_EXERCISE MATERIAL:_
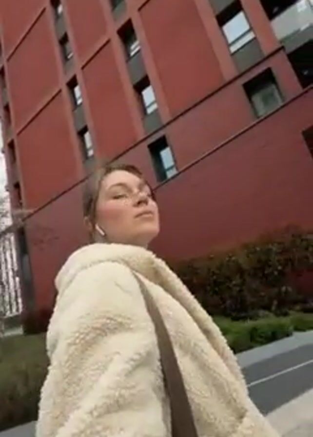A young woman is walking along a sidewalk in front of a tall, modern building with a reddish-brown facade. She is wearing a cream-colored, shaggy coat and has a bag slung over her shoulder. Her hair is pulled back into a ponytail and she is wearing white wireless earbuds. She is looking up at the building as she walks. The sky is overcast and there are trees and greenery visible in the background. The camera appears to be held low and is tilted upwards, giving a dynamic perspective.
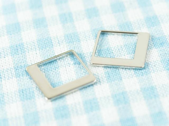 大振りなホールモチーフが存在感抜群!クールなスクエア型メタルプレートチャーム☆
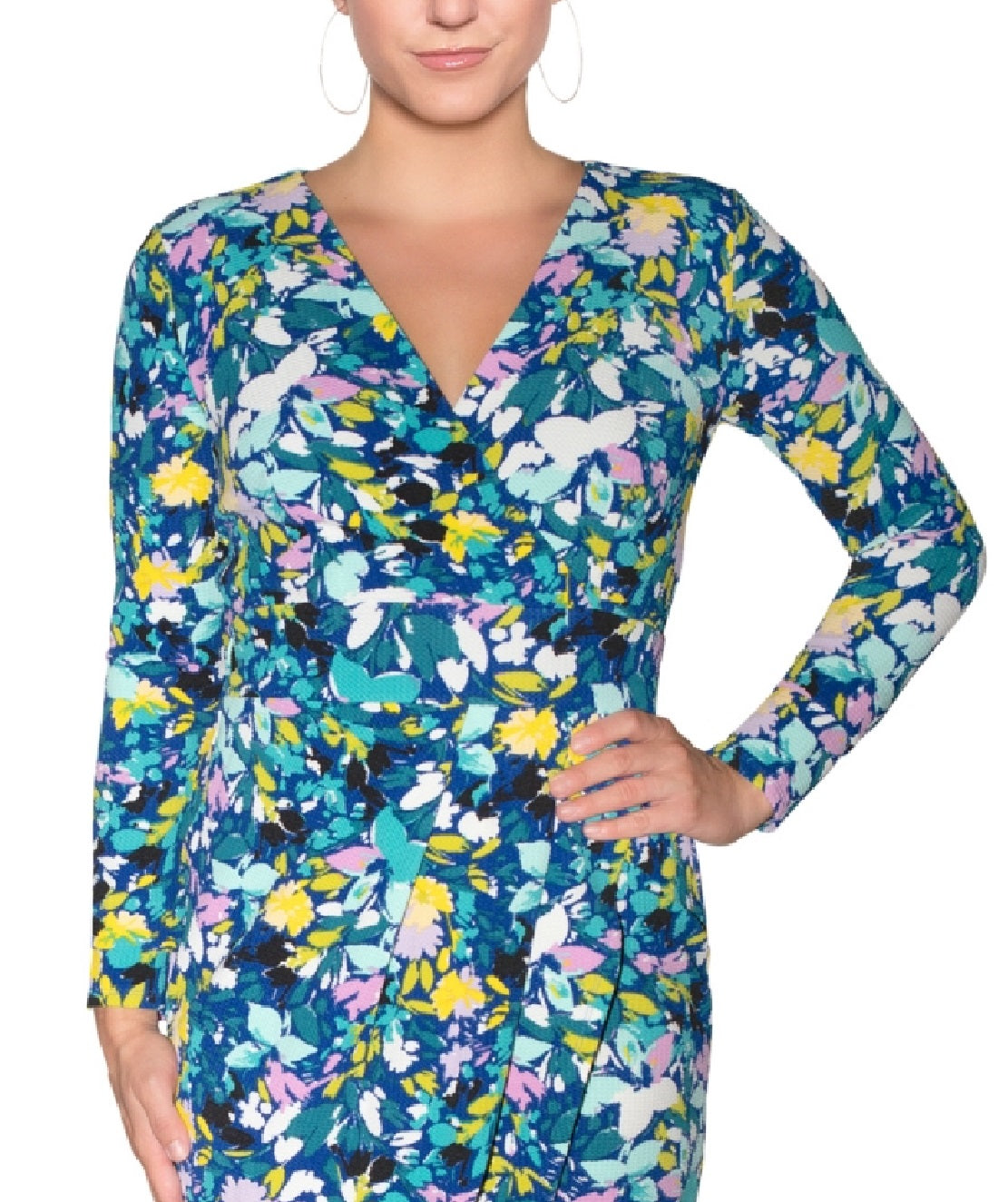 A burst of blossoms beautifully highlights this faux-wrap midi dress from Rachel Roy
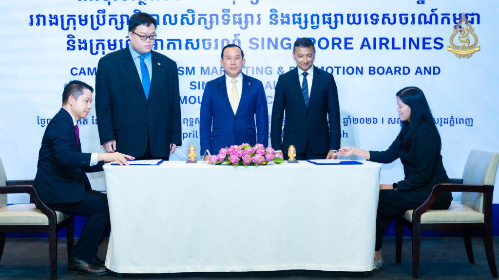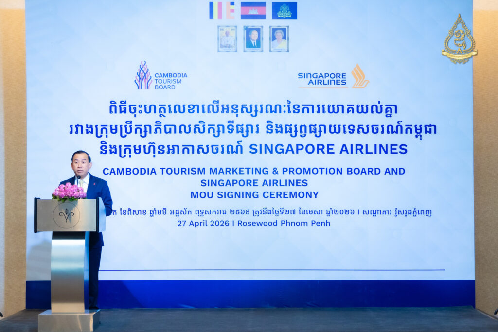ភ្នំពេញ៖ នាព្រឹកថ្ងៃ២៧ ខែមេសា ឆ្នាំ២០២៦ អ្នកឧកញ៉ា ហ៊ុន ឡាក់ អគ្គលេខាធិការ និងជាតំណាងលោកអ្នកឧកញ៉ា លី យ៉ុងផាត់ ប្រធានសមាគមឧកញ៉ាកម្ពុជា បានចូលរួមក្នុងពិធីចុះហត្ថលេខាលើអនុស្សរណៈនៃការយោគយល់គ្នា (MoU) រវាងក្រុមប្រឹក្សាភិបាលសិក្សាទីផ្សារ និងផ្សព្វផ្សាយទេសចរណ៍កម្ពុជា (CTB) និងក្រុមហ៊ុនអាកាសចរណ៍ Singapore Airline ក្រោមអធិបតីភាពឯកឧត្តម ហួត ហាក់ រដ្ឋមន្រ្តីក្រសួងទេសចរណ៍។
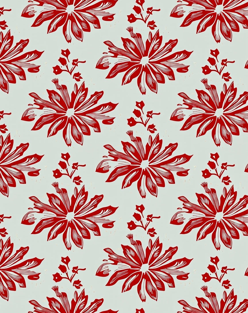 Vintage Inspired Winter Motif With Holly Leaf Accents(Red)
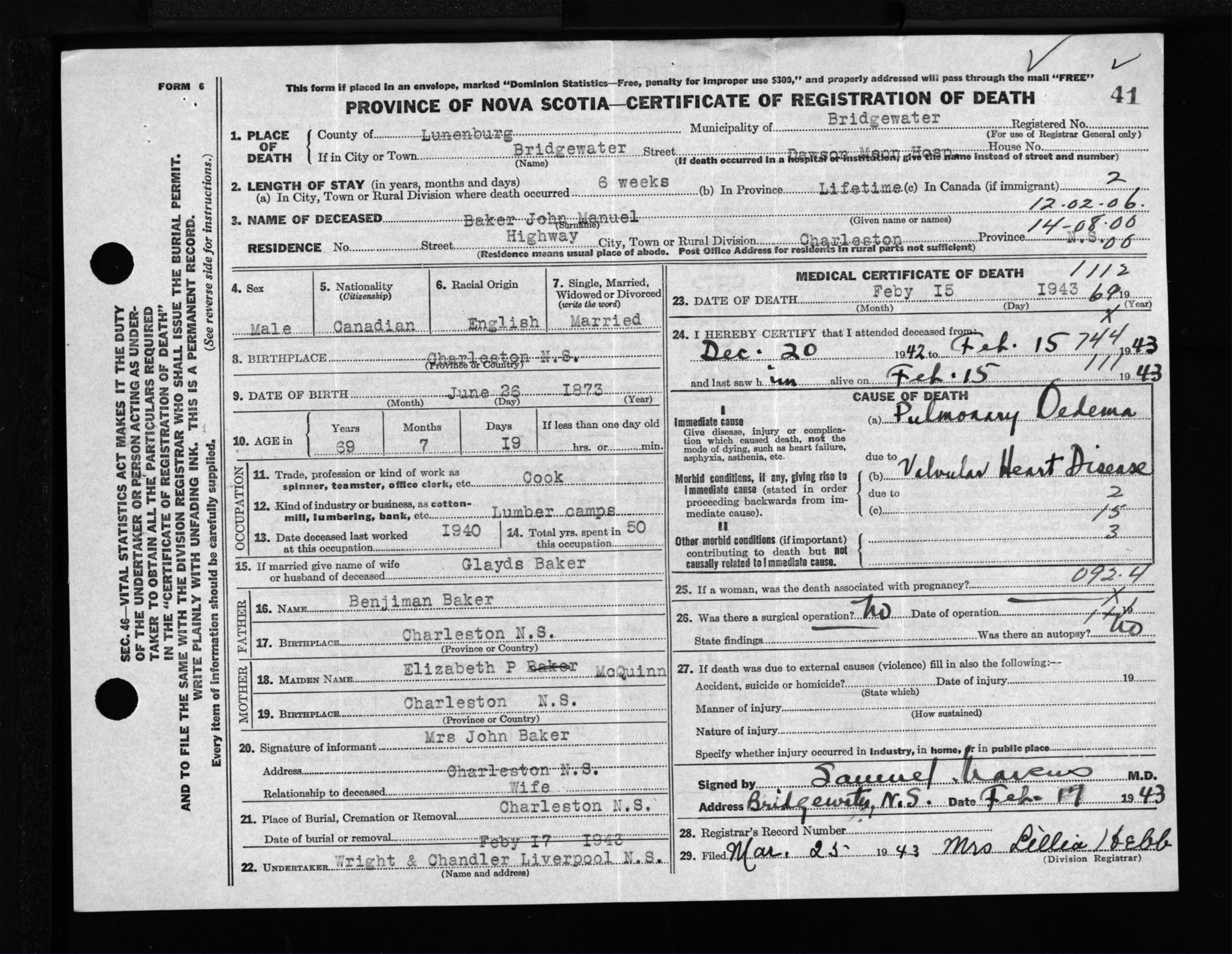 Male Death Registration: Year: 1943 file: 214 number: 41

_EXERCISE DESCRIPTION:_ Above are the records; repeat their lines from the first through the line containing "Vintage Inspired Winter", and leave out each picture.

_SOLUTION:_
A young woman is walking along a sidewalk in front of a tall, modern building with a reddish-brown facade. She is wearing a cream-colored, shaggy coat and has a bag slung over her shoulder. Her hair is pulled back into a ponytail and she is wearing white wireless earbuds. She is looking up at the building as she walks. The sky is overcast and there are trees and greenery visible in the background. The camera appears to be held low and is tilted upwards, giving a dynamic perspective.
 大振りなホールモチーフが存在感抜群!クールなスクエア型メタルプレートチャーム☆
 A burst of blossoms beautifully highlights this faux-wrap midi dress from Rachel Roy
ភ្នំពេញ៖ នាព្រឹកថ្ងៃ២៧ ខែមេសា ឆ្នាំ២០២៦ អ្នកឧកញ៉ា ហ៊ុន ឡាក់ អគ្គលេខាធិការ និងជាតំណាងលោកអ្នកឧកញ៉ា លី យ៉ុងផាត់ ប្រធានសមាគមឧកញ៉ាកម្ពុជា បានចូលរួមក្នុងពិធីចុះហត្ថលេខាលើអនុស្សរណៈនៃការយោគយល់គ្នា (MoU) រវាងក្រុមប្រឹក្សាភិបាលសិក្សាទីផ្សារ និងផ្សព្វផ្សាយទេសចរណ៍កម្ពុជា (CTB) និងក្រុមហ៊ុនអាកាសចរណ៍ Singapore Airline ក្រោមអធិបតីភាពឯកឧត្តម ហួត ហាក់ រដ្ឋមន្រ្តីក្រសួងទេសចរណ៍។
 Vintage Inspired Winter Motif With Holly Leaf Accents(Red)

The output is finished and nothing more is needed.